> [EXERCISE DESCRIPTION] Further down are entries; set down exactly and only the lines from the one with "Курицу нарезать на" up to and including the one with "Comfortable accommodation in", dropping each picture.

> [RECORDS FOR PROCESSING]
━━━━━━

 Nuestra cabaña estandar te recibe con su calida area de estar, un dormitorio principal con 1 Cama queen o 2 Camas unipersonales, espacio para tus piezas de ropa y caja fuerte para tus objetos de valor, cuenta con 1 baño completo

━━━━━━

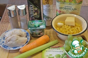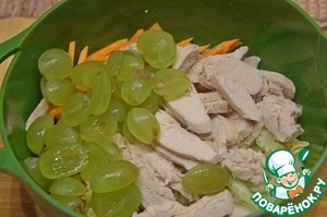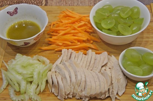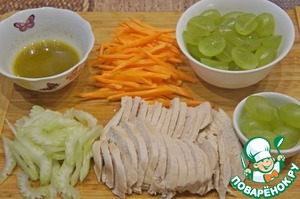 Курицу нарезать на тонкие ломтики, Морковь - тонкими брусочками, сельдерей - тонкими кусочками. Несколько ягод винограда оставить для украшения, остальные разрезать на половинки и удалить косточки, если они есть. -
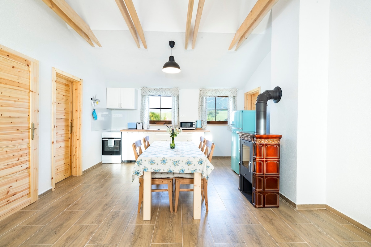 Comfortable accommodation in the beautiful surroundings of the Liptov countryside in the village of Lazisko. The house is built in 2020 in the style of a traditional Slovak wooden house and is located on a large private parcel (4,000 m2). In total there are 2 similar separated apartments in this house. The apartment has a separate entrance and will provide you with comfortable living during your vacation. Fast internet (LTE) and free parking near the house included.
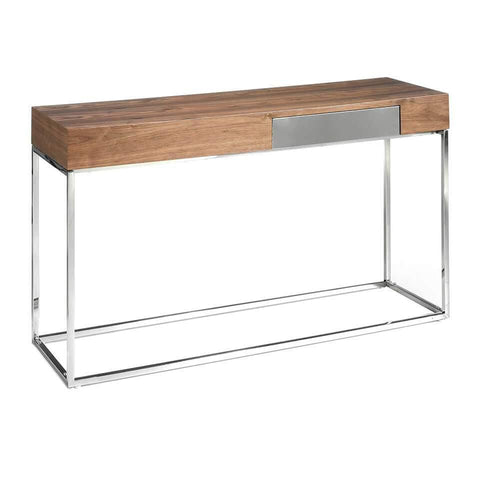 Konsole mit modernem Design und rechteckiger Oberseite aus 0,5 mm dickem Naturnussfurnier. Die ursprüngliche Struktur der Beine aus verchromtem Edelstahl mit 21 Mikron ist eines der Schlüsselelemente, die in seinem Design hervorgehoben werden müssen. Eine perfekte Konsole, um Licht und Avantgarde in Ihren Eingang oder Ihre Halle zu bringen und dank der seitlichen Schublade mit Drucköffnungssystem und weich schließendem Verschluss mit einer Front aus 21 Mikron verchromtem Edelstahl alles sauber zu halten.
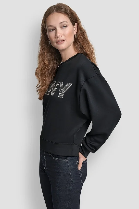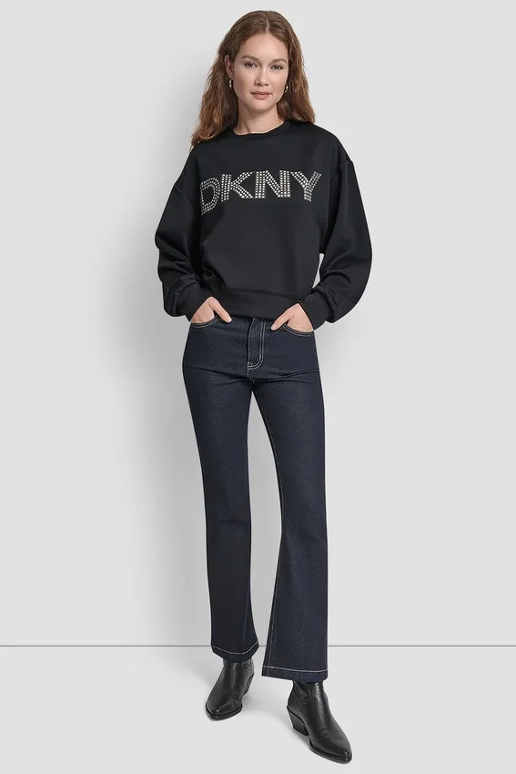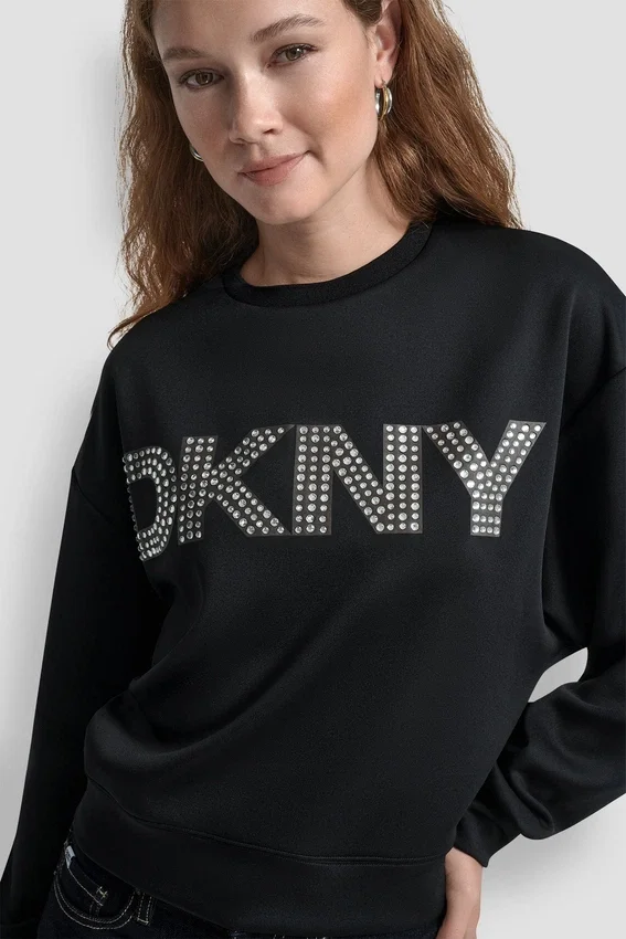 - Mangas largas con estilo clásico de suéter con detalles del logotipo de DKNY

━━━━━━

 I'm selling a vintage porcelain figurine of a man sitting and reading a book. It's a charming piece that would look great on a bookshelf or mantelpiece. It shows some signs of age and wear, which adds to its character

━━━━━━

> [THE ANSWER]
 Курицу нарезать на тонкие ломтики, Морковь - тонкими брусочками, сельдерей - тонкими кусочками. Несколько ягод винограда оставить для украшения, остальные разрезать на половинки и удалить косточки, если они есть. -
 Comfortable accommodation in the beautiful surroundings of the Liptov countryside in the village of Lazisko. The house is built in 2020 in the style of a traditional Slovak wooden house and is located on a large private parcel (4,000 m2). In total there are 2 similar separated apartments in this house. The apartment has a separate entrance and will provide you with comfortable living during your vacation. Fast internet (LTE) and free parking near the house included.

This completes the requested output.